_PROBLEM DETAILS:_ Emit a verbatim copy of the lines below from the line with "Hdfc Bank News" through the line with "Technické dáta: Rozmer: 80x80x5", excluding pictures and everything outside that range.

_DATA FOR PROCESSING:_
------------
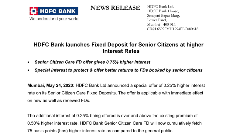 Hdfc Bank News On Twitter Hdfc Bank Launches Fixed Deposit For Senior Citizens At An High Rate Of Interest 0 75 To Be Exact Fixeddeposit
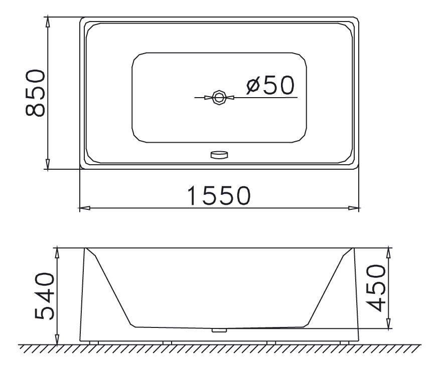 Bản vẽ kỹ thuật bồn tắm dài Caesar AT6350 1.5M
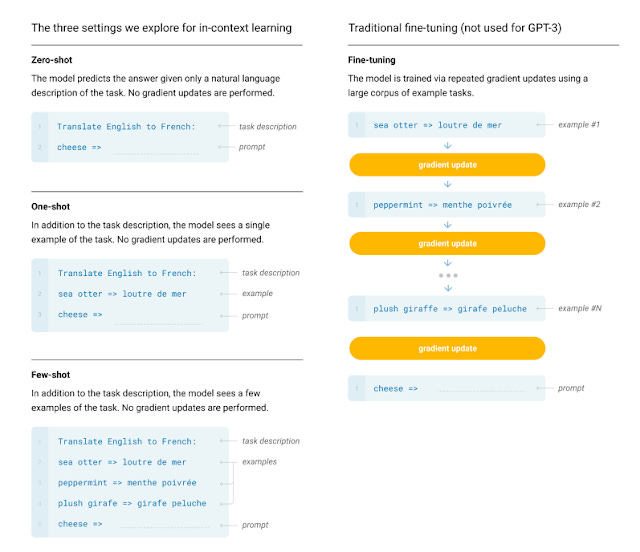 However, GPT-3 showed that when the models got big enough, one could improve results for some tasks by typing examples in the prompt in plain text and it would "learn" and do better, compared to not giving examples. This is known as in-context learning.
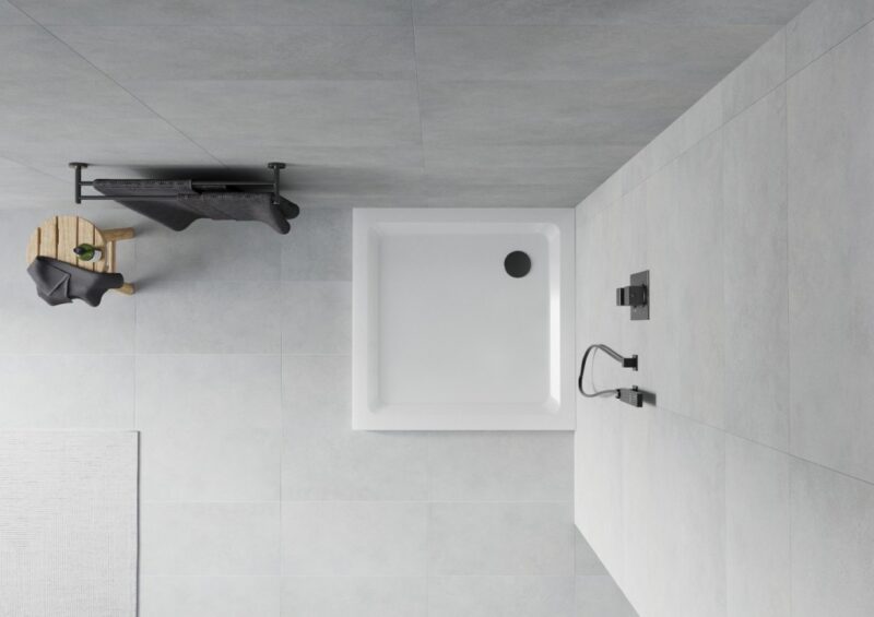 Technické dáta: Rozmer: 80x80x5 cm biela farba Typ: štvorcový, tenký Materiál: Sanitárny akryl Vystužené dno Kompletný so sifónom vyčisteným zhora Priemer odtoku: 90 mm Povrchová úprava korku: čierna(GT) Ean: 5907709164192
------------
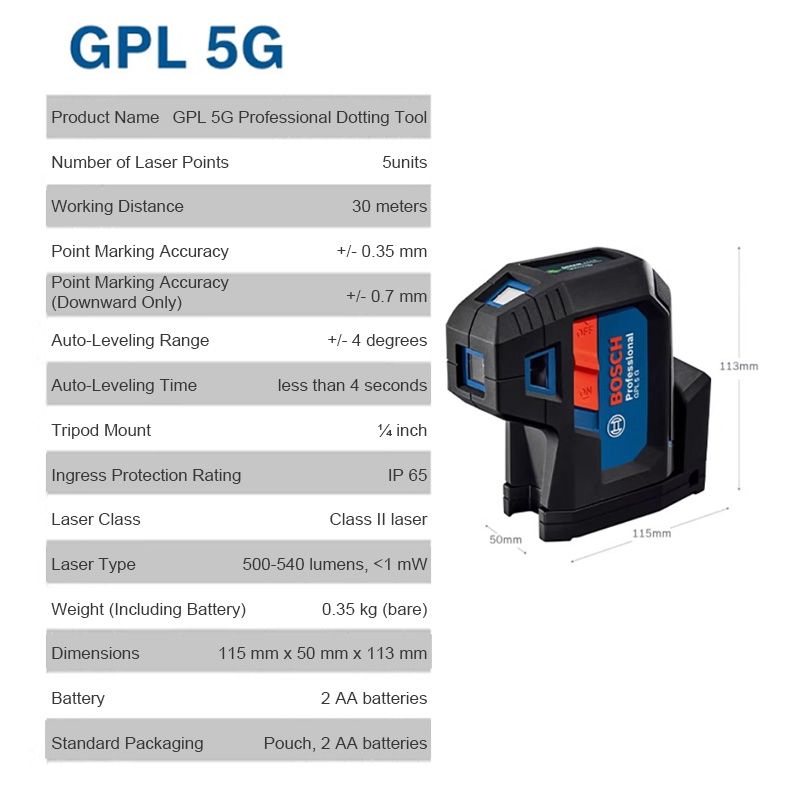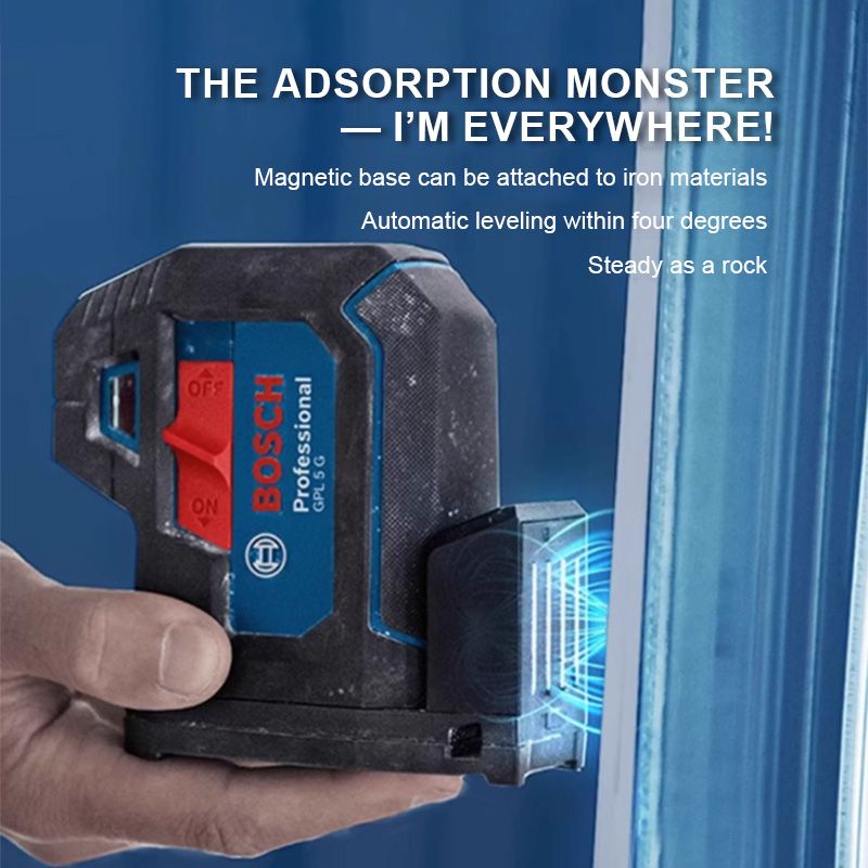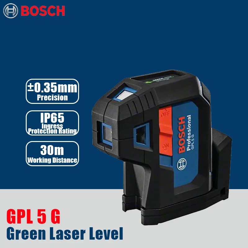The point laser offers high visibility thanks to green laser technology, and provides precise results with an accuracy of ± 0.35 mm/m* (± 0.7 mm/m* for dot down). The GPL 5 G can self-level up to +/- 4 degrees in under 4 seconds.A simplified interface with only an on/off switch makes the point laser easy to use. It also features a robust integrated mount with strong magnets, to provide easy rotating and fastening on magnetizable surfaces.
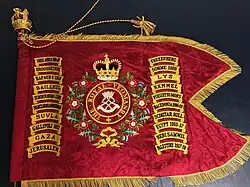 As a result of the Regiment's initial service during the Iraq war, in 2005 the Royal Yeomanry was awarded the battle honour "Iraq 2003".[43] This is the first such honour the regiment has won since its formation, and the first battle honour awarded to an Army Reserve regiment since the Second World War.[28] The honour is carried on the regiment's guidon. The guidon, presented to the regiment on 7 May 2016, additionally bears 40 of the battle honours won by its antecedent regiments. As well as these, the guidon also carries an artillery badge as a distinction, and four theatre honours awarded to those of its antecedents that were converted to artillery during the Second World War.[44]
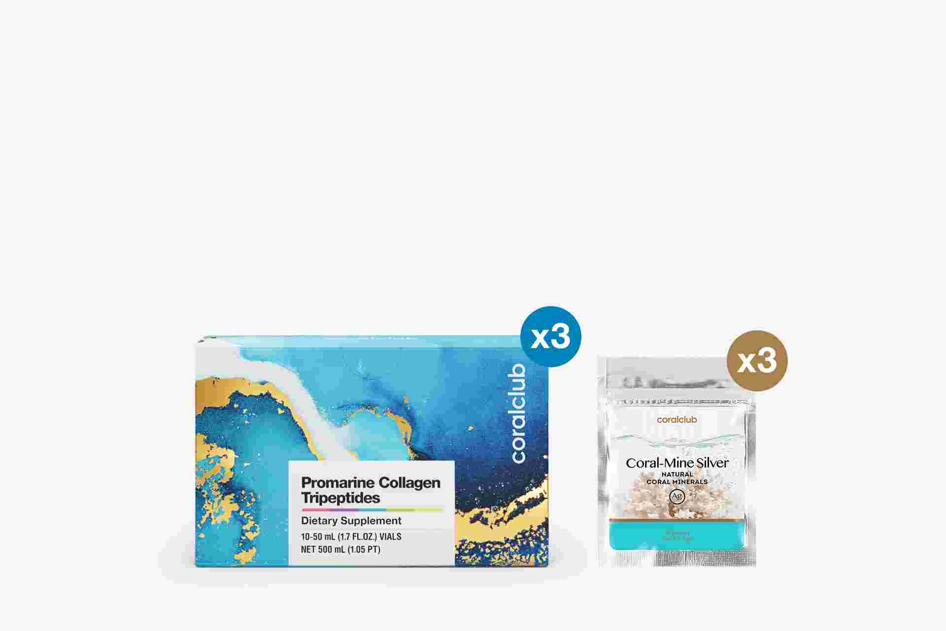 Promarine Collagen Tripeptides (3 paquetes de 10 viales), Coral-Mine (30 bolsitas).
------------
_ANSWER SPACE:_
 Hdfc Bank News On Twitter Hdfc Bank Launches Fixed Deposit For Senior Citizens At An High Rate Of Interest 0 75 To Be Exact Fixeddeposit
 Bản vẽ kỹ thuật bồn tắm dài Caesar AT6350 1.5M
 However, GPT-3 showed that when the models got big enough, one could improve results for some tasks by typing examples in the prompt in plain text and it would "learn" and do better, compared to not giving examples. This is known as in-context learning.
 Technické dáta: Rozmer: 80x80x5 cm biela farba Typ: štvorcový, tenký Materiál: Sanitárny akryl Vystužené dno Kompletný so sifónom vyčisteným zhora Priemer odtoku: 90 mm Povrchová úprava korku: čierna(GT) Ean: 5907709164192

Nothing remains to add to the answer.